2 and 3 are not but D1 has the atmosphere and soundtrack; was enough for a kid


----------



## gameranand (Jul 2, 2015)

Scary games you need. Play these

1. FEAR
2. Dead Space 1
3. Outlast
4. Alien Isolation
5. Call of Chuthulu
6. Resident Evil 4
7. Alan Wake
8. Silent Hill
9. Amnesia

and many more. Ping me again when you complete these.


----------



## SaiyanGoku (Jul 2, 2015)

Dead Space 1, Metro 2033, Undying. Do not play Metro 2033 during night.


----------



## ashs1 (Jul 2, 2015)

SaiyanGoku said:


> Dead Space 1, Metro 2033, Undying. Do not play Metro 2033 during night.


Had a hard time playing metro 2033 during daytime as well  ... Had to uninstall due to technical    difficulties.


----------



## Alok (Jul 2, 2015)

I haven't played Metro 2033 yet, though I finished outlast in two nights. Will check its potential soon.


----------



## gameranand (Jul 3, 2015)

Alok said:


> I haven't played Metro 2033 yet, though I finished outlast in two nights. Will check its potential soon.



Its graphical potential is immense to say the least.


----------



## gagan_kumar (Jul 3, 2015)

subscribed..........

- - - Updated - - -

btw how you guys manage??? i am like wtf wtf wtf run run run .........


----------



## theterminator (Jul 3, 2015)

Constantine


----------



## gameranand (Jul 3, 2015)

gagan_kumar said:


> btw how you guys manage??? i am like wtf wtf wtf run run run .........



Save ammo, headshots and run if you need to.


----------



## Gen.Libeb (Jul 3, 2015)

gameranand said:


> Scary games you need. Play these
> 
> 1. FEAR
> 2. Dead Space 1
> ...




+1 for F.E.A.R        Great atmosphere and the a.i in this game was one of the best.   Not played any others in the list.

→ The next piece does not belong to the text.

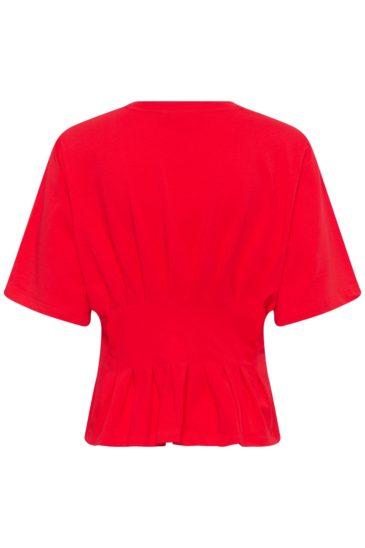 Rød t-shirt fra Gestuz med rynker i taljeområdet. T-shirten har korte ærmer og en rund hals.

The Evil Within  is  another decent game though its not the kind I like.


----------



## Gourav Kundu (Jul 3, 2015)

Gen.Libeb said:


> +1 for F.E.A.R        Great atmosphere and the a.i in this game was one of the best.   Not played any others in the list.
> 
> The Evil Within  is  another decent game though its not the kind I like.


yes I have heard a lot about FEAR, Evil Within, Metro 2033. I must give them a try. 

- - - Updated - - -



gameranand said:


> Scary games you need. Play these
> 
> 1. FEAR
> 2. Dead Space 1
> ...


Thanks a lot for the list of games


----------



## gameranand (Jul 3, 2015)

Gourav Kundu said:


> Thanks a lot for the list of games



You are welcome. There are more but I didn't listed them as it might get too long.


----------



## Zangetsu (Jul 3, 2015)

Outlast & Outlast: Whistle blower
Silent Hill
Dead Space


----------



## Desmond (Jul 3, 2015)

We already have a thread for horror games.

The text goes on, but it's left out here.